A new software tool plays detective by automatically comparing cell phone photos with images in a database of stolen art. The technology could help restore stolen goods to their rightful owners and solve the hundreds of art theft cases opened each year in the United States alone.

It could also give art detectives as well as dealers, collectors and auction houses another tool to verify the authenticity of artworks for sale.

For now, the system works on paintings, carpets and coins, but the researchers already have plans to go beyond those.

"Extensions are on the way to make the system suitable for thee-dimensional objects. These extensions will cover sculptures as well as three-dimensional objects in general," said Bertram Nickolay, head of the department Security Technology at the Fraunhofer Institute in Berlin, Germany.

Nickolay developed the technology with Christian Veenhuis, a research associate also the institute.

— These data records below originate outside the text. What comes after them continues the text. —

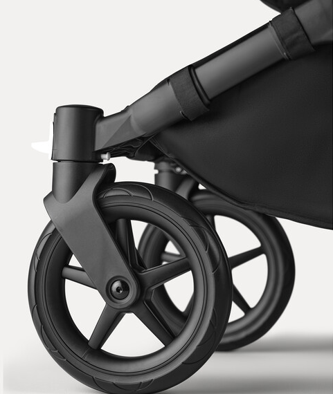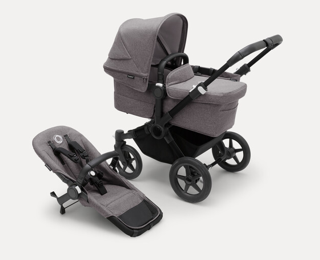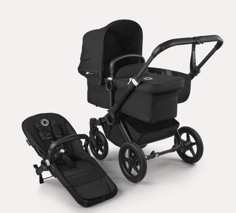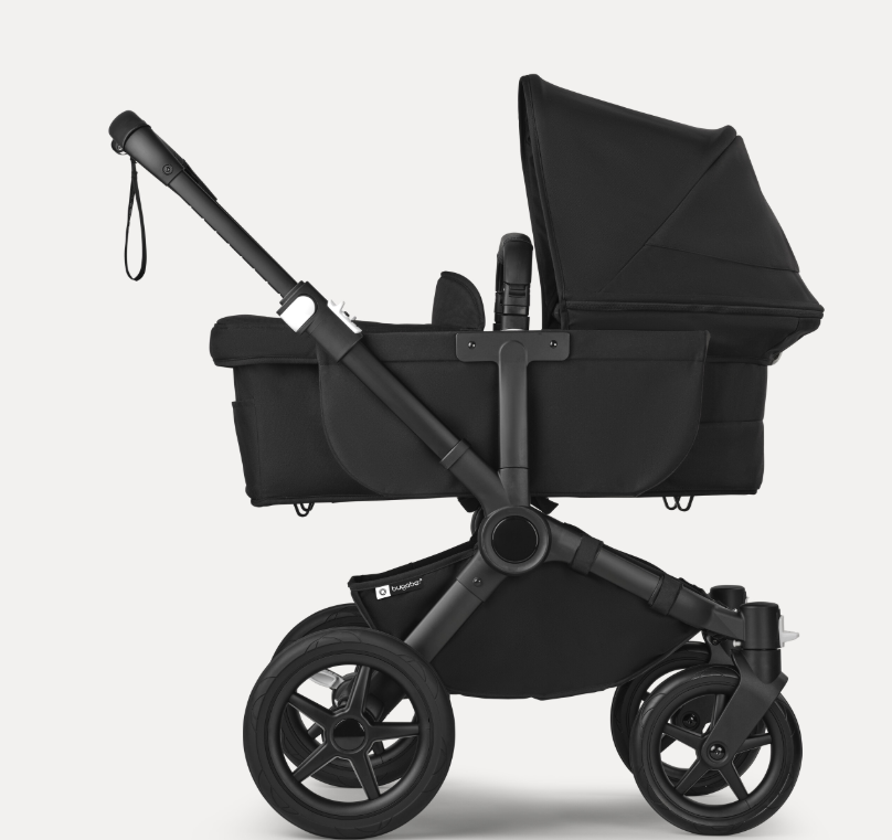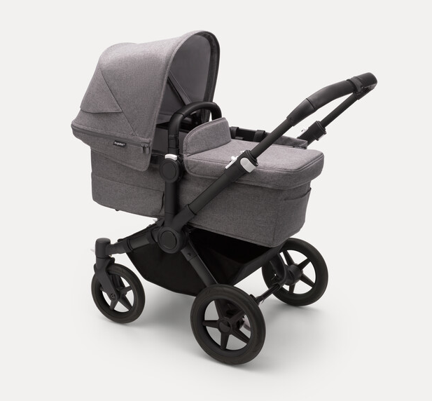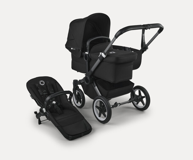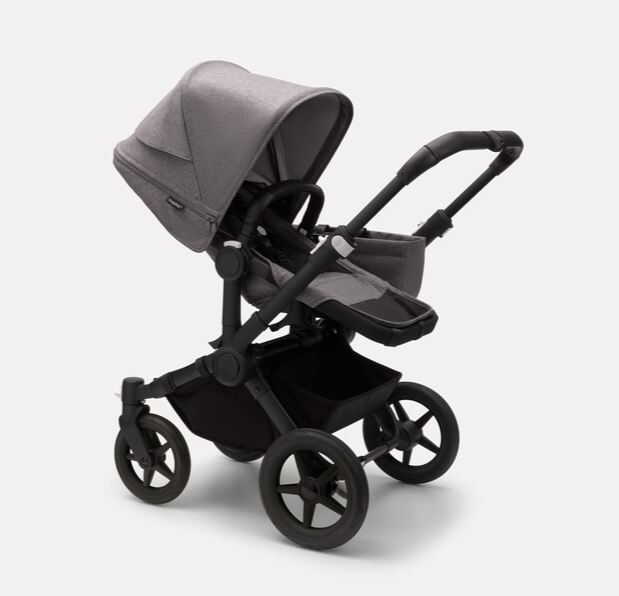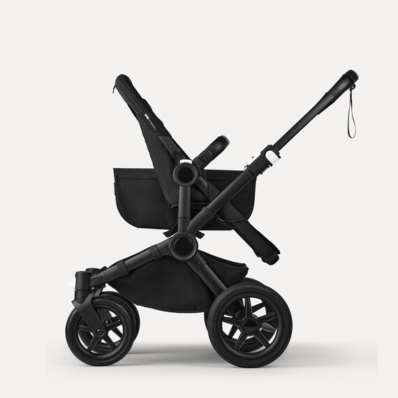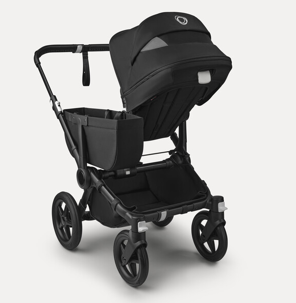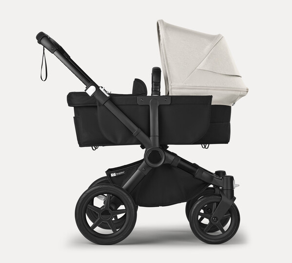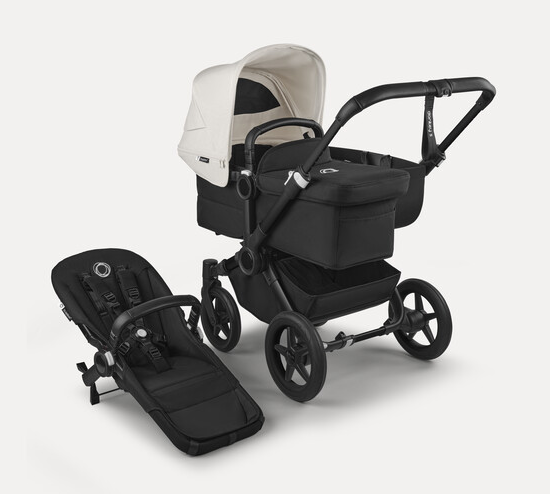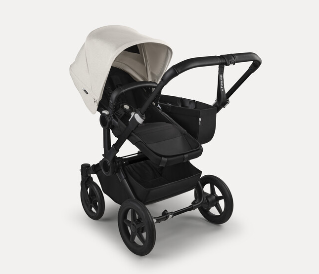 Misty white sun canopy, midnight black fabrics, black base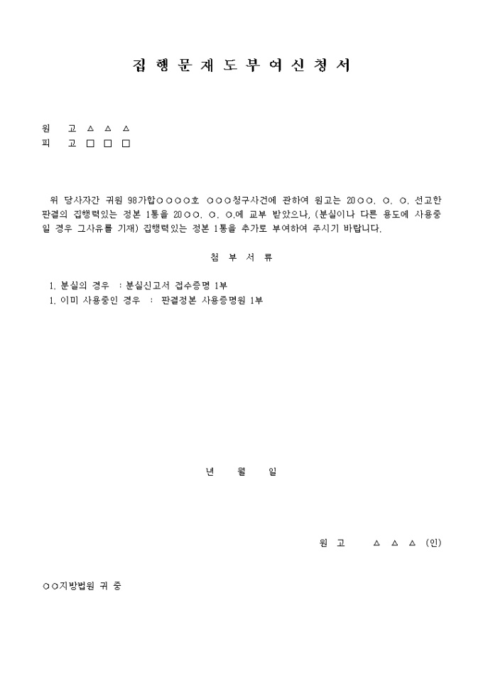 집행문재도 부여신청서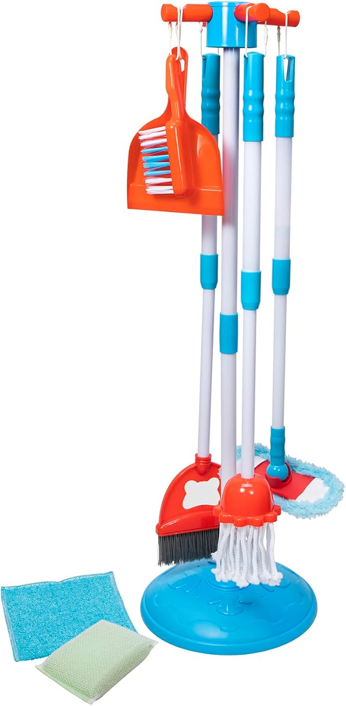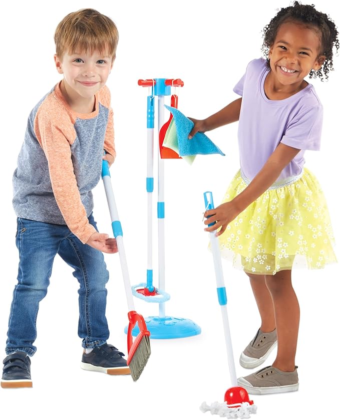 Create hours of fun pretend play for kids. The Nice & Tidy Clean Up Kit has multiple play tools that will inspire your kids. The tools feature telescoping handles that can adjust for kids of different heights and makes for easy shipping and storage when not in use. The kit will allow the child to take on duties to learn to be helpful and have a purpose and tasks.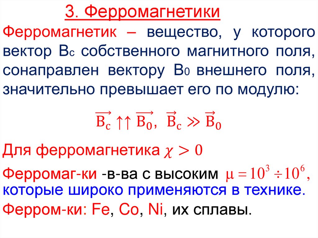 Ферром-ки: Fe, Co, Ni, их сплавы.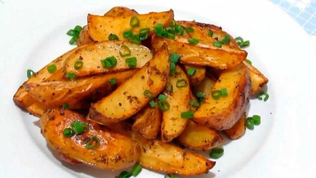 Масло должно равномерно распределиться по картофельным долькам со всех сторон. Тогда готовая картошка будет румяной и с хрустящей корочкой снаружи, а внутри мягкой и нежной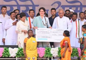 बस्तर में भरोसे का सम्मेलन : मुख्यमंत्री बघेल व प्रियंका गांधी ने हितग्राहियों को किया सामग्री वितरण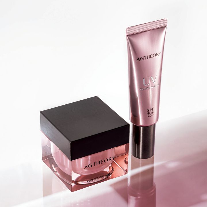 右:太陽光3種の光ケア セルフエステ感覚でブライトアップ!ボタニカルエキスを厳選配合し、エステを体験したかのようなスキンケア処方で、肌のキメを整えながら、ベタつかないストレス感0の使用感を実現。微細パールでトーンアップさせながら、UVはもちろんブルーライトや近赤外線からもプロテクト。甘美な花の香り。エイジーセオリー UVプロテクション クリーム SPF50+・PA+++ 40g ¥7,150(アクシージア)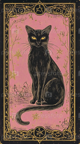 Очаровательная карта таро черной кошки с замысловатыми золотыми деталями, идеально подходящая для мистики и астрологии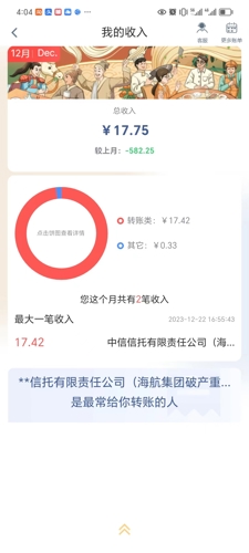 弟兄们,我5万多剩余债券权益,12月22日海航给我打了17.75元,你没看错!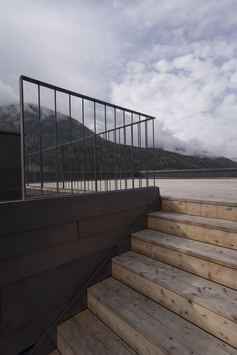 The new building’s envelope is made of only three main materials: it’s walls are clad with horizontal preoxidized copper sheets of various width while the Northern recessed area and the balconies are offset with larch wood strip boards. In addition, full-height glazing is predominantly employed on the Southern façade. The larch wood is treated with a pigmented graying solution of iron sulphate, in order to diversify the North service volume. Copper and larch wood are exposed to a natural change of colour caused by the atmospheric influence of sun, rain and snow; this phenomena, in addition to the repetition of the wooden colour code of the Villa, further increases the integration of the building into its context over time.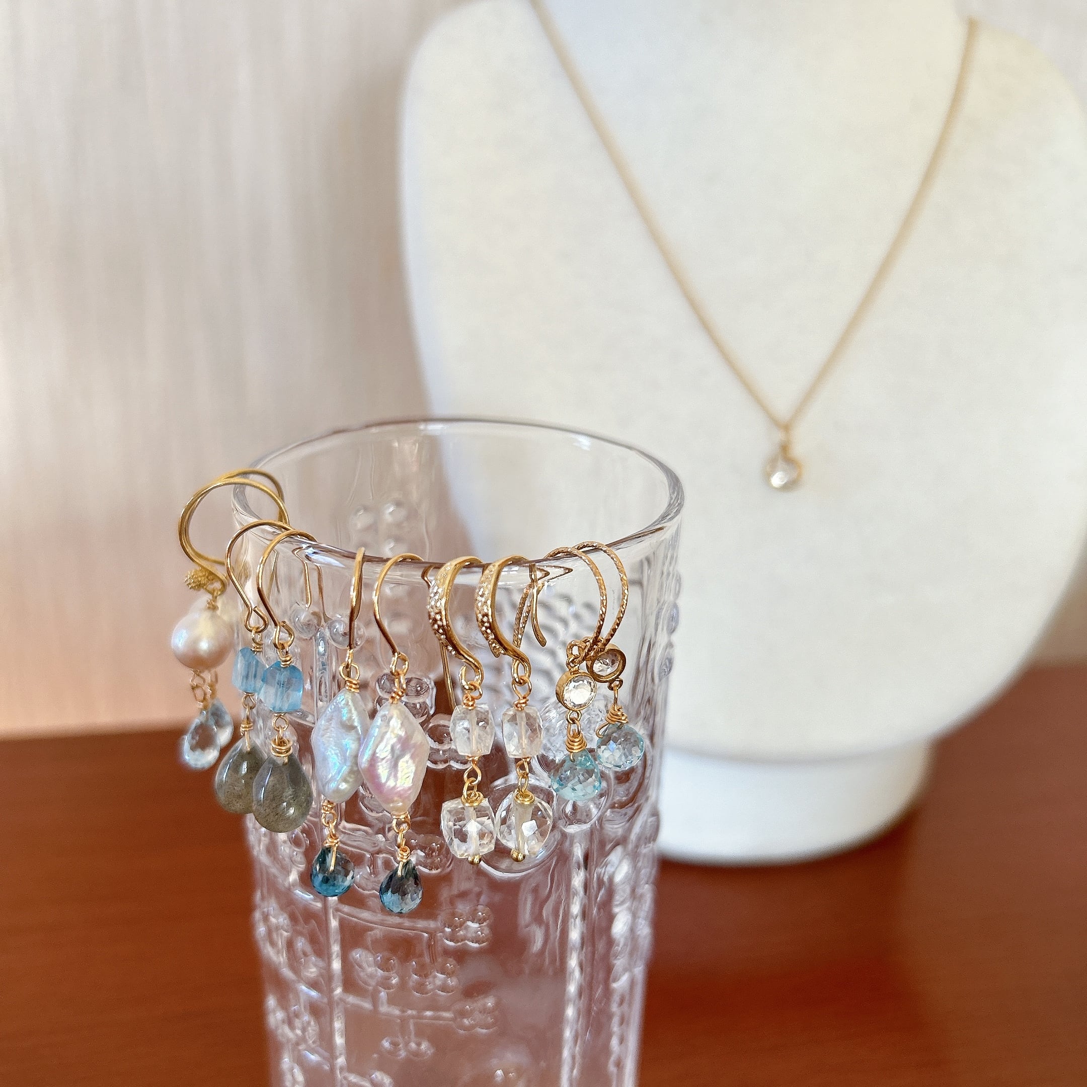 同時発売の、ホワイトトパーズの一粒ネックレスと一緒に着けても素敵ですよ。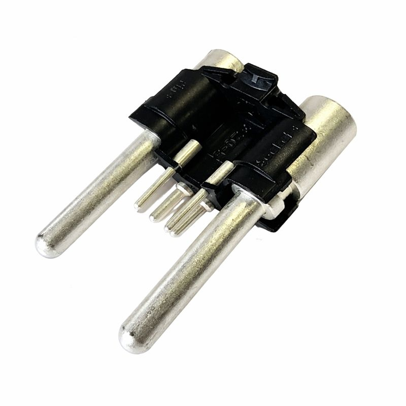 con recubrimiento de plata para alta conductividad y buena vida de acople, junto con carcasa polimera resistente a impacto y acido.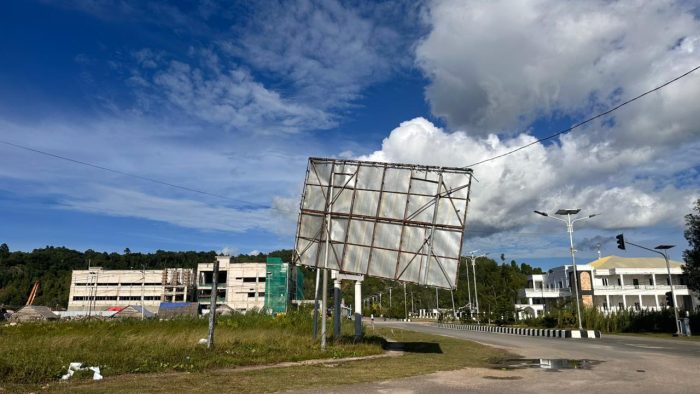 Papan reklame di pusat Kota Bobong, Pulau Taliabu, Maluku Utara, ambruk akibat angin kencang pada Minggu, 01 Januari 2026. Insiden ini bikin aktivitas jalan terganggu.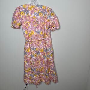 Draper James Pink Floral Linen Wrap Dress Women’s Size 6 Puff Sleeve Midi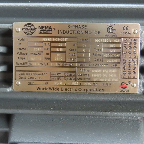 WorldWide PEWWE15-36-254T 15HP Electric Motor 3540RPM 230/460V 3Ph 254T Fr. New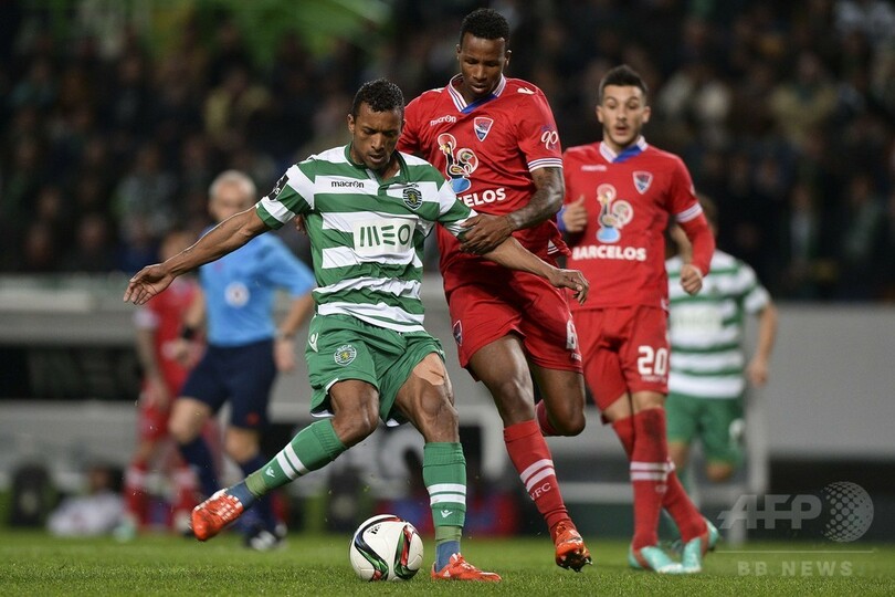 スポルティングは後半7分、田中順也(Junya Tanaka)が先制点を決めると、同24分にナニ(Luis Cunha aka Nani)が追加点を挙げた。(c)AFP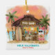 Tropical Christmas ornament features Santa enjoying a vacation at a Tiki bar on the beach at sunset with palm trees, string lights and Hawaiian "Aloha" and "Mele Kalikimaka" greetings. Tropical cocktails, a pineapple, hibiscus and palm leaves, a surfboard and a parrot in a pirate hat decorate the bar area. Personalize it for a fun, one of a kind gift or to add some island charm to your own tree. Art by KL Stock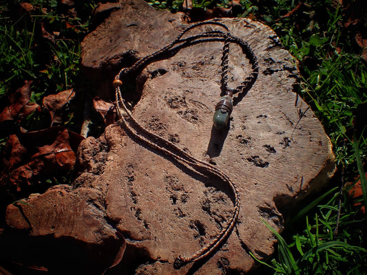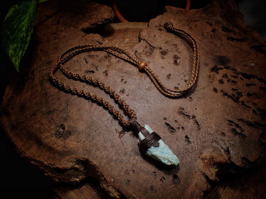Tribal Amazonite Pendant with Hand Woven Adjustable Spiraling Macrame Cord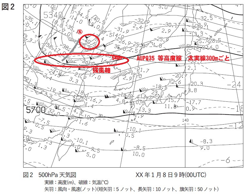 500hPa 天気図によると、中国東北区には寒冷低気圧があり、この中心付近の気温の最低値として(5)℃が観測されている。この寒冷低気圧を回り込むように分布している強風軸は、低気圧の南側では等高度線の(6)m付近に位置している。(図2参照)

Databases of missing art already exist, maintained by groups such as the Art Loss Register, an international nonprofit agency, and Interpol, a worldwide criminal police organization. But these databases contain a huge assembly of descriptions and images of the stolen property that can be time-consuming for an investigator to sort through.

The image analysis software makes sorting through heaps of stolen art automatic, said Nickolay.

It works like this: At the sight of a suspicious piece of art, the investigator snaps a photo using a cell phone. Software in the phone automatically calls a number that connects to a central computer server. The digital picture is transferred and an image analysis program compares the snapshot with photos in the database.

It takes about 30 to 40 seconds for the software to transfer the image, identify the shape, outline, color and texture of objects in the original image and return a top ten list of closest matches to the detective.

"If the painting is clearly registered as stolen, the investigator has to confiscate it. But the exact procedure depends on the law of the appropriate country where the auction takes place," said Nickolay.

Julian Radcliffe, chairman of the Art Loss Register headquartered in London, has looked into image recognition technology as a way to spot stolen art, but expressed skepticism. "None of the image matching is good enough to repace the art historians we use," he said.

According to Radcliffe, searches for stolen art happen weeks before an auction. Art historians, who typically speak three or four different languages and are well-versed in the jargon of fine art, use details from auction catalogs to search their computer database for matches.

Nickolay and Veenhuis are currently investigating other uses for the image analysis system, such as exposing counterfeits.